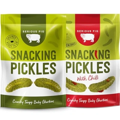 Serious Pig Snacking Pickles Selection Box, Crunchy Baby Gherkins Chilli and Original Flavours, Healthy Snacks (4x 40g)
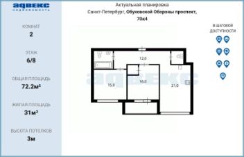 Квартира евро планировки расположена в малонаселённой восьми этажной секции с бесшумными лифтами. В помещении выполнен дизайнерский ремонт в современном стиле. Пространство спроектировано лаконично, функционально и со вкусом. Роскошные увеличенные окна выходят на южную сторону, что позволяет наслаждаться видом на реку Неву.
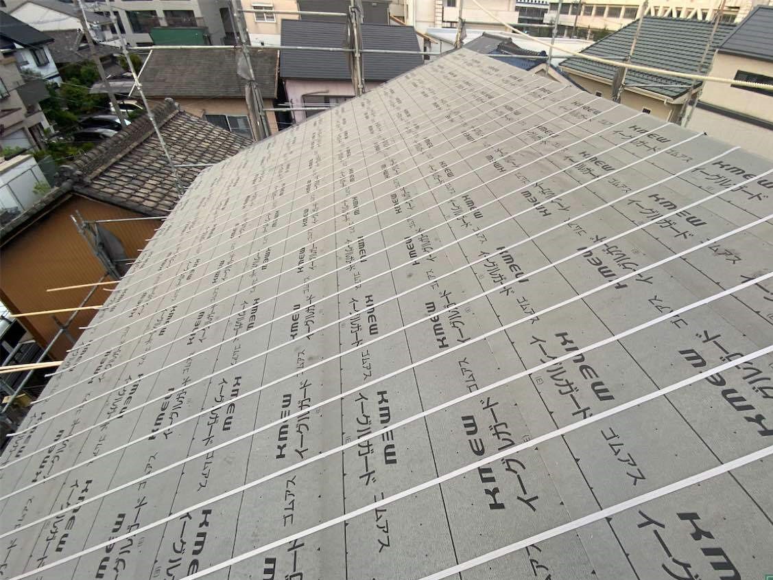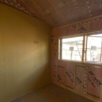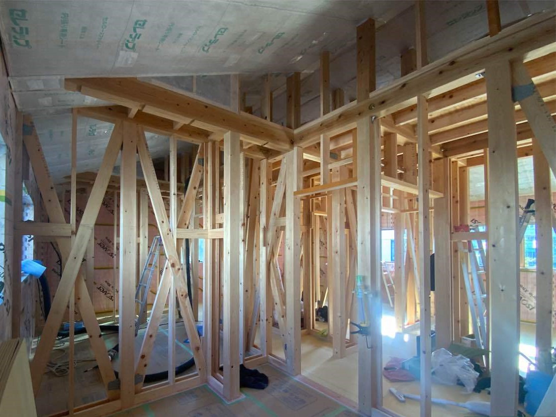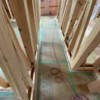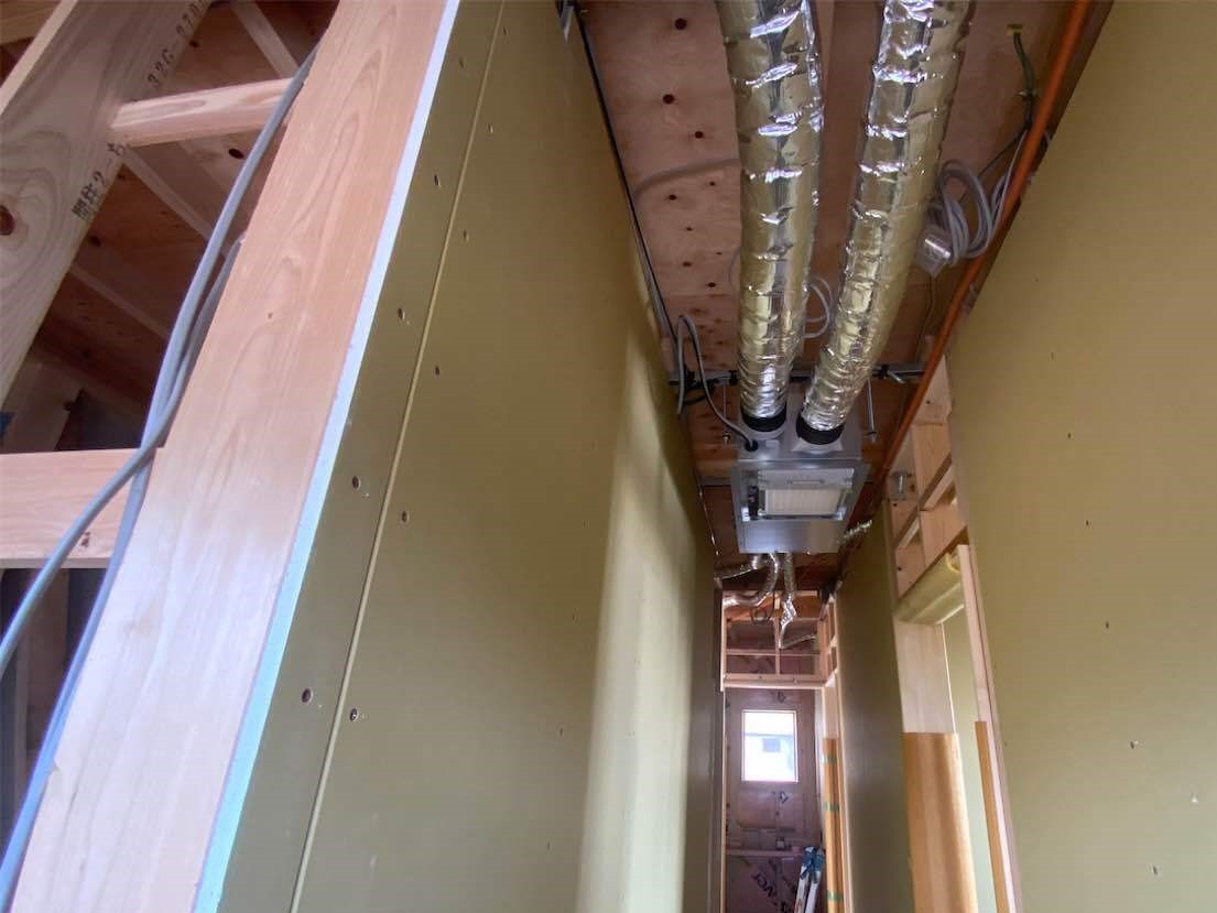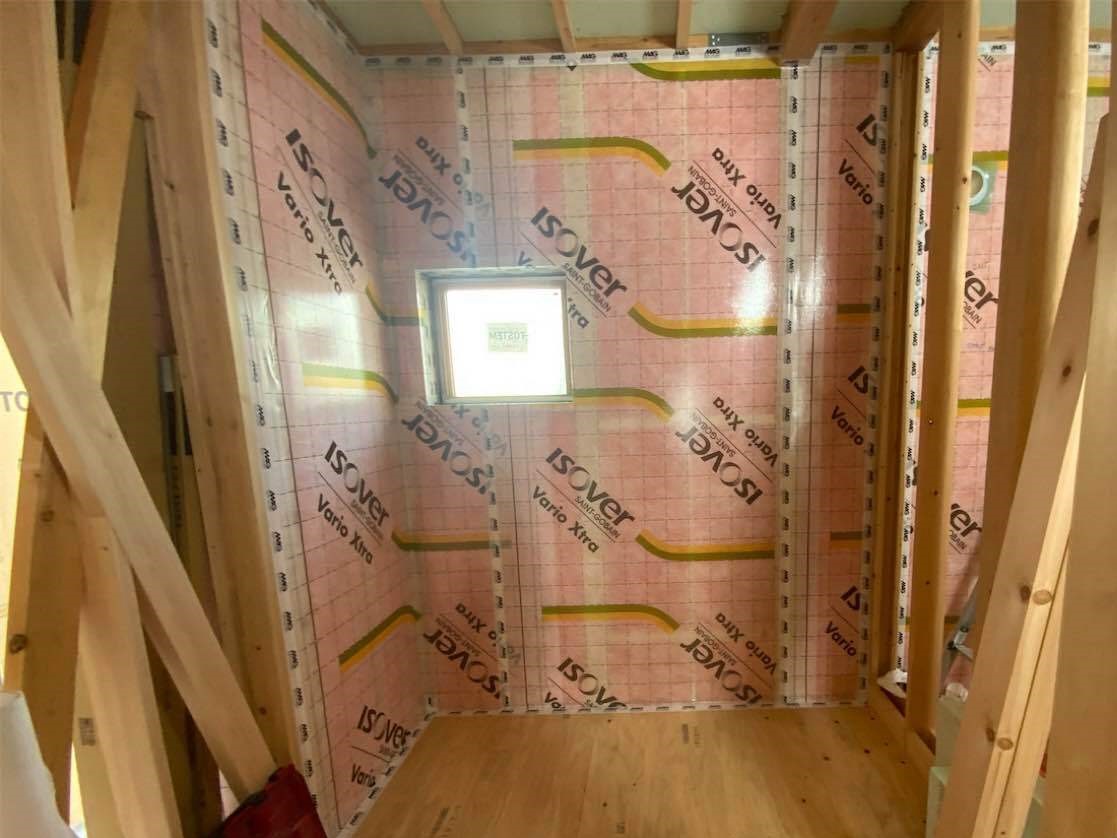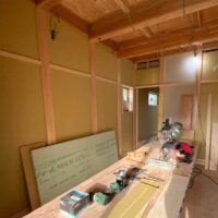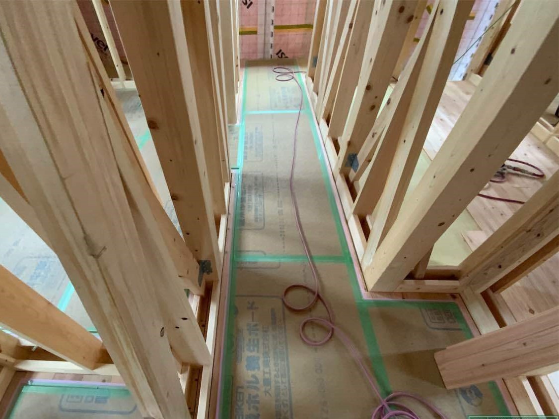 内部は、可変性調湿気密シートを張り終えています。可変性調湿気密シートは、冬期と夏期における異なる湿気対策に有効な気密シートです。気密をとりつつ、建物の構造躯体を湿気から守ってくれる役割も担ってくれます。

****************

— Required work —
Could you retype every line above exactly as it appears, skipping the pictures?

— Result of the task —
 Serious Pig Snacking Pickles Selection Box, Crunchy Baby Gherkins Chilli and Original Flavours, Healthy Snacks (4x 40g)
 Квартира евро планировки расположена в малонаселённой восьми этажной секции с бесшумными лифтами. В помещении выполнен дизайнерский ремонт в современном стиле. Пространство спроектировано лаконично, функционально и со вкусом. Роскошные увеличенные окна выходят на южную сторону, что позволяет наслаждаться видом на реку Неву.
 内部は、可変性調湿気密シートを張り終えています。可変性調湿気密シートは、冬期と夏期における異なる湿気対策に有効な気密シートです。気密をとりつつ、建物の構造躯体を湿気から守ってくれる役割も担ってくれます。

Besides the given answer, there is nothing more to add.